The exercise for this section is located in 01_intro/02_modules

Functions

Empty modules are not that useful: let's add some functions to our extension!
As you've seen in the "Setup" section, pyo3 provides another procedural macro to define functions that can be called from Python: #[pyfunction].

Back then we used it to define the it_works function:

#![allow(unused)]
fn main() {
use pyo3::prelude::*;

// 👇 A Python function defined in Rust
#[pyfunction]
fn it_works() -> bool {
    true
}
}

Unlike modules, functions aren't exposed to Python automatically; you must attach them to a module using the wrap_pyfunction! macro:

#![allow(unused)]
fn main() {
#[pymodule]
fn setup(m: &Bound<'_, PyModule>) -> PyResult<()> {
    // 👇 Expose the function to Python
    m.add_function(wrap_pyfunction!(it_works, m)?)?;
    Ok(())
}
}

Exercise

The exercise for this section is located in 01_intro/03_functions

Arguments

no_op, the function you added to solve the previous exercise, is very simple:

#![allow(unused)]
fn main() {
use pyo3::prelude::*;
    
#[pyfunction]
fn no_op() {
    // Do nothing
}
}

Let's take it up a notch: what if you want to pass a value from Python to Rust?

The FromPyObject trait

#[pyfunction] functions can take arguments, just like regular Rust functions.
But there's a catch: it must be possible to build those arguments from Python objects.

The contract is encoded in the FromPyObject trait, defined in pyo3:

#![allow(unused)]
fn main() {
pub trait FromPyObject<'py>: Sized {
    fn extract_bound(ob: &Bound<'py, PyAny>) -> PyResult<Self>;
}
}

We won't go into the details of FromPyObject's definition just yet: it would require an in-depth discussion of Python's Global Interpreter Lock (GIL) and the way pyo3 models it in Rust. We'll get to it in the next section.
For the time being, let's focus on what the trait unlocks for us: the ability to convert Python objects into Rust types.

Available implementations

pyo3 provides implementations of FromPyObject for a large number of types—e.g. i32, f64, String, Vec, etc. You can find an exhaustive list in pyo3's guide, under the "Rust" table column.

Conversion cost

Going from a Python object to a Rust type is not free—e.g. the in-memory representation of a Python list doesn't match the in-memory representation of a Rust Vec.
The conversion introduces a (usually small) overhead that you'll have to incur every time you invoke your Rust function from Python. It's a good trade-off if you end up performing enough computational work in Rust to amortize the conversion cost.

Python-native types

In pyo3's documentation you can see a column of "Python-native" types.
Don't try to use them to solve the exercise for this section: we'll cover them in the next one.

References

Exercise

The exercise for this section is located in 01_intro/04_arguments

Global Interpreter Lock (GIL)

If you go back to pyo3's documentation on arguments, you'll find a table column listing so called "Python-native" types. What are they, and why would you use them?

Python-native types

There is overhead in converting a Python object into a Rust-native type.
That overhead might dominate the cost of invoking your Rust function if the function itself isn't doing much computational work. In those cases, it can be desirable to work directly using Python's in-memory representation of the object. That's where the Py* types come in: they give you direct access to Python objects, with minimal overhead1.

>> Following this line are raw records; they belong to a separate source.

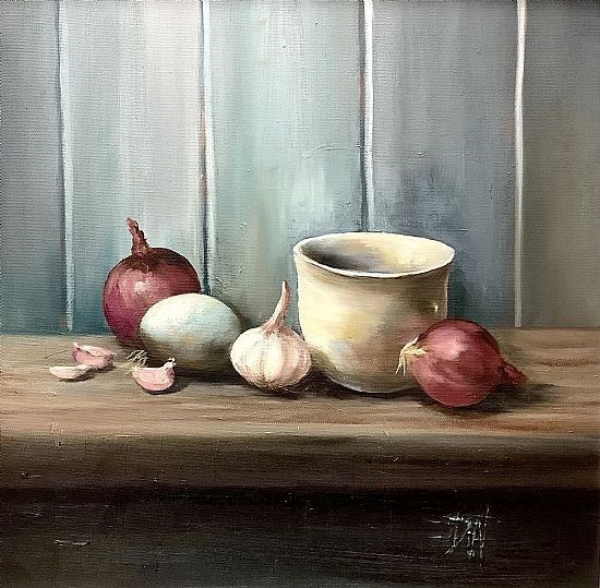 Still Life Lovely jugs (sold) Clementines (sold) Nectarines (sold) Conference (sold) Chestnuts (sold) Waiting (sold) Onion still life
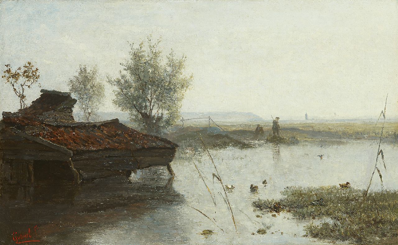 Constan Gabriel kunstwerk • schilderij • voorheen te koop Vissers bij een poldersloot met schuitenhuis
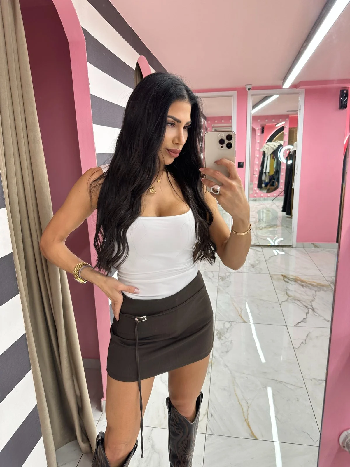 Η Cocoa Belt Skirt έρχεται σε μια ζεστή καφέ απόχρωση που ταιριάζει με όλα. Με εσωτερικό σορτς και άνετη εφαρμογή, προσφέρει πρακτικότητα και στιλ. Η λεπτομέρεια με τη ζώνη στο πλάι την κάνει ιδιαίτερη και πολύ μοντέρνα.
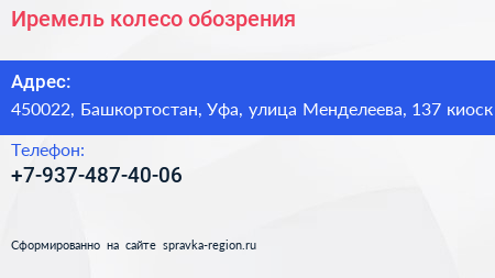 Иремель, колесо обозрения по адресу 450022, Башкортостан, Уфа, улица Менделеева, 137 киоск в дальнейшем Организация, размещена в следующих категориях:
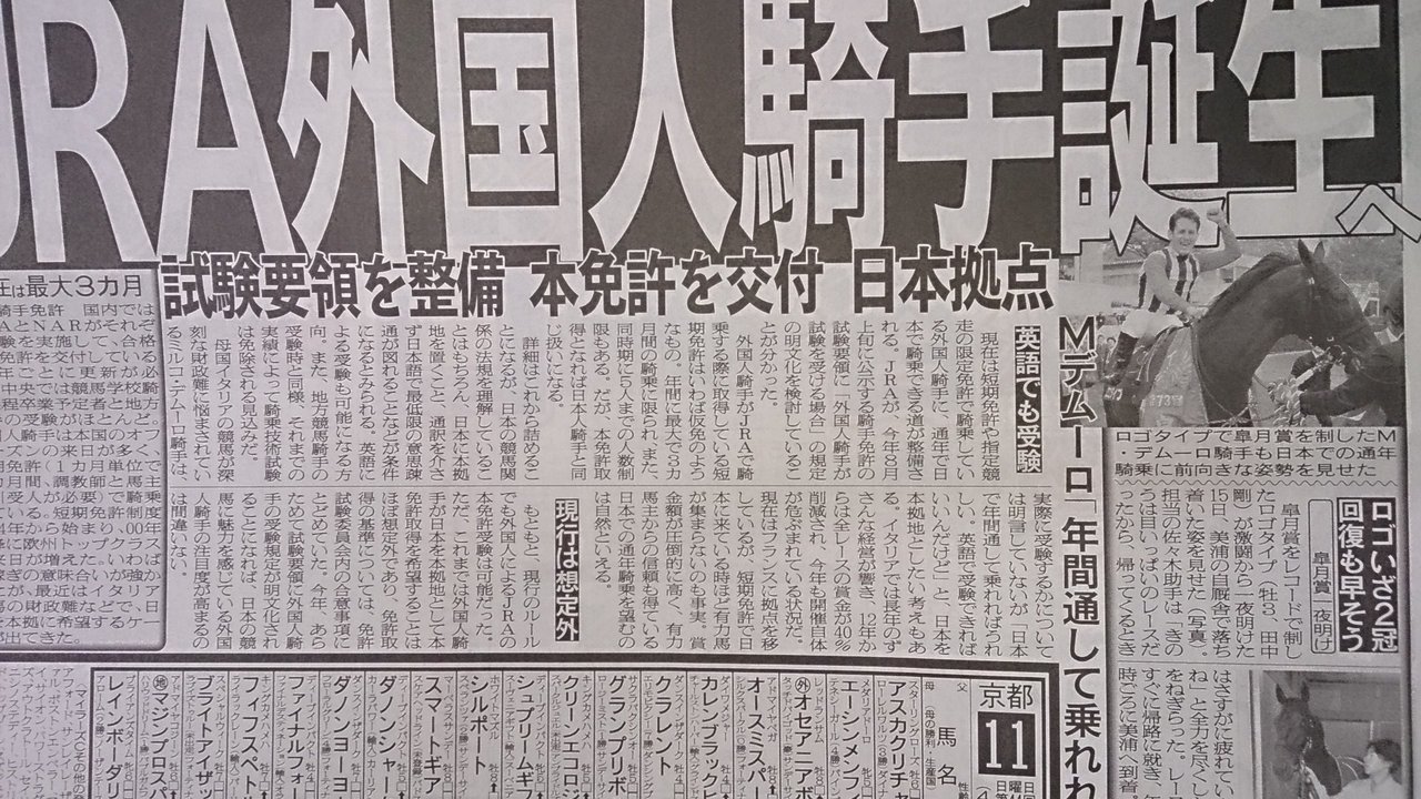-ホースニュース俺-: JRA外国人騎手誕生へ 日本拠点で通年免許
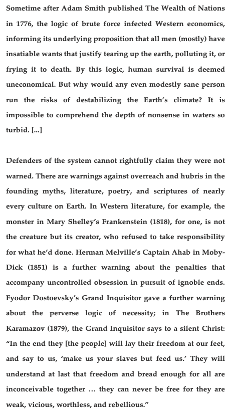 Now comes Oberlin professor emeritus David Orr, with timely excerpts from his contribution to a recently published book edited by Vandana Shiva, reminding us that human brutality is not limited to that violence we inflict upon each other. Thus, from the Annals of Hubris and Delusion:
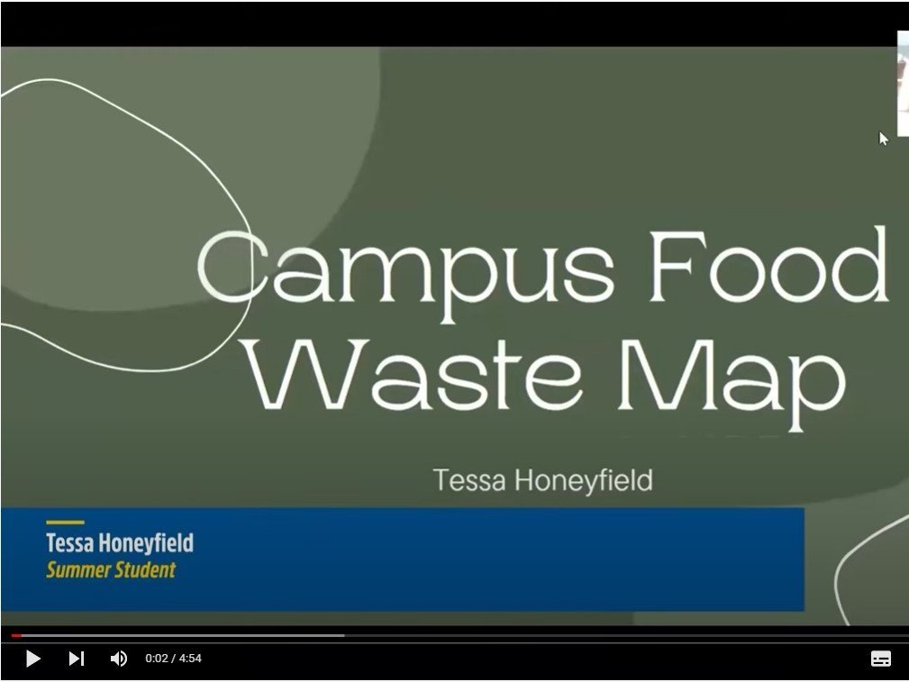 This project was then carried on by Human Nutrition summer student Tessa Honeyfield. Tessa helped create an interactive map of potential locations and volumes of food waste on campus.

Out of the entire family of Py* types, PyAny deserves a special mention. It's the most general Python-native type in pyo3: it stands for an arbitrary Python object. You can use it whenever you don't know the exact type of the object you're working with, or you don't care about it.

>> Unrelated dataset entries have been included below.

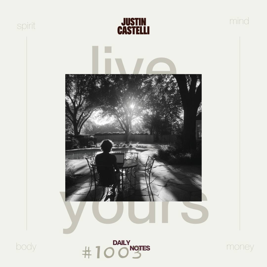 I hope you had a great weekend! Here's this week's Notes... β π this week's Daily Notes9.29.25 #997 hard work doesn't guarantee desired outcomesβ 9.30.25 #998 we'll all be forgotten eventuallyβ 10.01.25 #999 belief before abilityβ 10.02.25 #1000 consistencyβ 10.03.25 #1001 simplificationβ 10.04.25 #1002 matching energyβ 10.05.25 #1003 you have a million problems until you have just oneβ Remember, you can catch each of the Daily Notes on the AlignedLife Podcast Monday through Friday!! β βοΈ AlignedLife SubstackβYour Net Worth Will Never Exceed Your Self-Worthβ πΊ AlignedLife: Convos with Friends with Ashby DanielsI'm starting a series of episodes with a handful of friends I'm calling Convos with Friends (clever, I know), and the first conversation is with my close friend Ashby Daniels. I asked Ashby to join me to continue a conversation we had a few weeks prior about accepting trade-offs in life to pursue what matters most to us. As these conversations often do, we covered the topic at hand and so much more. βApple Podcastsβ βSpotifyβ π The OmensβLife A Simulation? β β If you want to get The Omens when they come up, you can sign up here.β β See you next week (or tomorrow) and keep pursuing, JC |
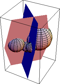 Five points on the current wavefront, represented by the five spheres, not all visible, with radii defined by the velocities at the corresponding points of the wavefront, are used to compute a point on the next wavefront. The sphere in the middle represents equation (3), while the planes represent equations (4) and (5).
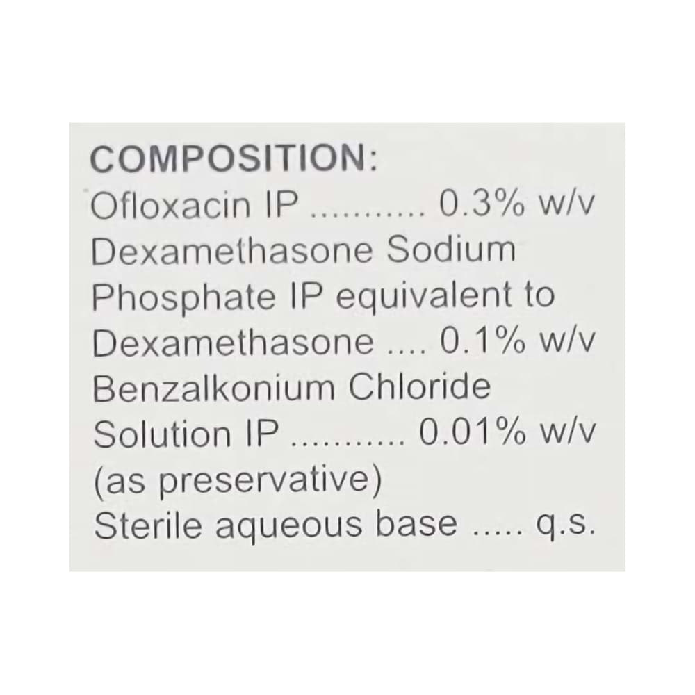 Salt Composition: Ofloxacin (0.3% w/v) + Dexamethasone (0.1% w/v)
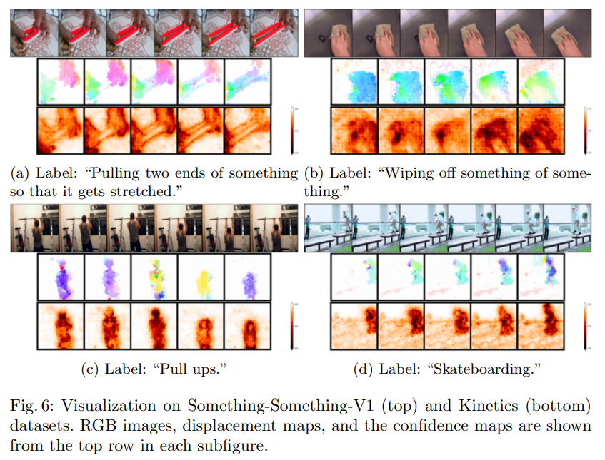 마지막으로는 displacement map과 confidence map에 대한 정량적인 결과인데요. Optical flow로 뽑은 것 같이 움직임이 있는 영역을 잘 추출한 것을 볼 수 있습니다.
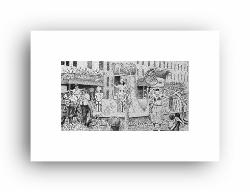 ![]() "Feeding The Masses" 2.5" x 4.5" image on 5" x 7" paper / 1000 Signed and Numbered prints / 8" x 10" double-matted size $10(ink print) / $20(handcolored print) $15(ink print with matting) / $25 (handcolored print with matting) |
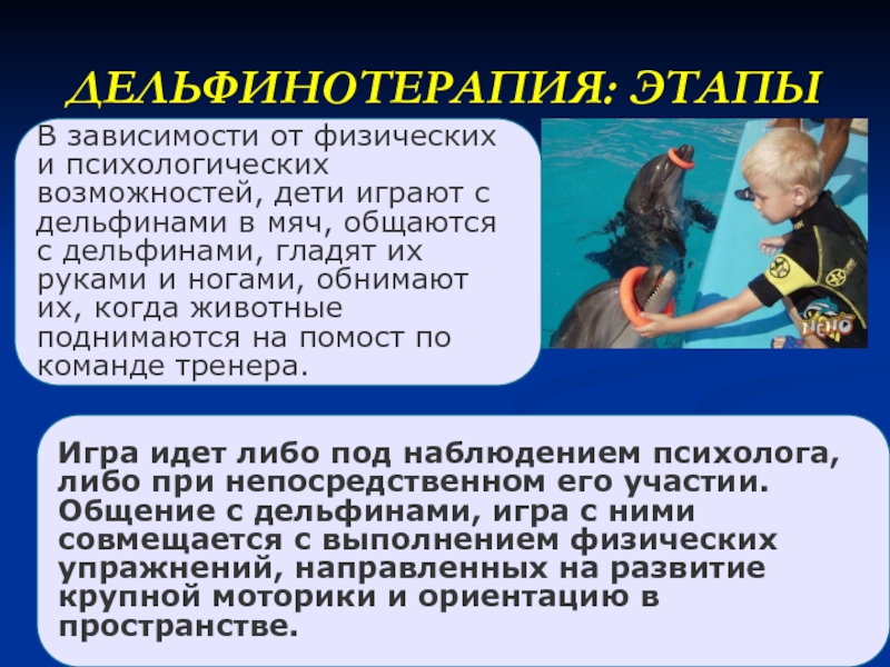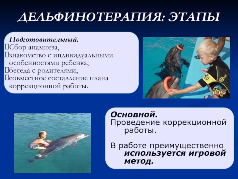Слайд 13ДЕЛЬФИНОТЕРАПИЯ: ЭТАПЫ

Py* types don't implement FromPyObject

Let's try to rewrite the solution of the previous exercise using PyList rather than Vec<u64>:

#![allow(unused)]
fn main() {
use pyo3::prelude::*;

fn print_number_list(list: &PyList) {
    todo!()
}
}

If you try to compile this code, you'll get an error:

error[E0277]: the trait bound `&PyList: PyFunctionArgument<'_, '_>` is not satisfied
   --> src/lib.rs:7:28
    |
7   | fn print_number_list(list: &PyList) {
    |                            ^ 
    |        the trait `PyClass` is not implemented for `&PyList`, 
    |        which is required by `&PyList: PyFunctionArgument<'_, '_>`
    |
    = help: the following other types implement trait `PyFunctionArgument<'a, 'py>`:
              &'a pyo3::Bound<'py, T>
              Option<&'a pyo3::Bound<'py, T>>
    = note: required for `&PyList` to implement `FromPyObject<'_>`
    = note: required for `&PyList` to implement `FromPyObjectBound<'_, '_>`
    = note: required for `&PyList` to implement `PyFunctionArgument<'_, '_>`

The error message is a bit cryptic because it mentions a number of private pyo3 traits (PyFunctionArgument and FromPyObjectBound), but the gist of it is that &PyList doesn't implement FromPyObject. That's true for all Py* types.

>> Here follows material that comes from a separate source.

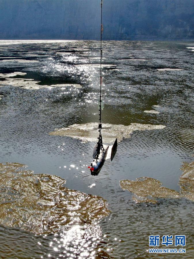 龍門水文站工作人員利用鉛魚纜道進行流量測驗(12月27日攝,無人機照片)。新華社記者 劉詩平 攝

Confusing, isn't it? How is possible that Python-native types, that require no conversion, don't implement the trait that allows you to convert Python objects into Rust types?

It's time to have that talk, the one about Python's Global Interpreter Lock (GIL).

Global Interpreter Lock (GIL)

Out of the box, Python's2 data structures are not thread-safe. To prevent data races, there is a global mutual exclusion lock that allows only one thread to execute Python bytecode at a time—i.e. the so-called Global Interpreter Lock (GIL).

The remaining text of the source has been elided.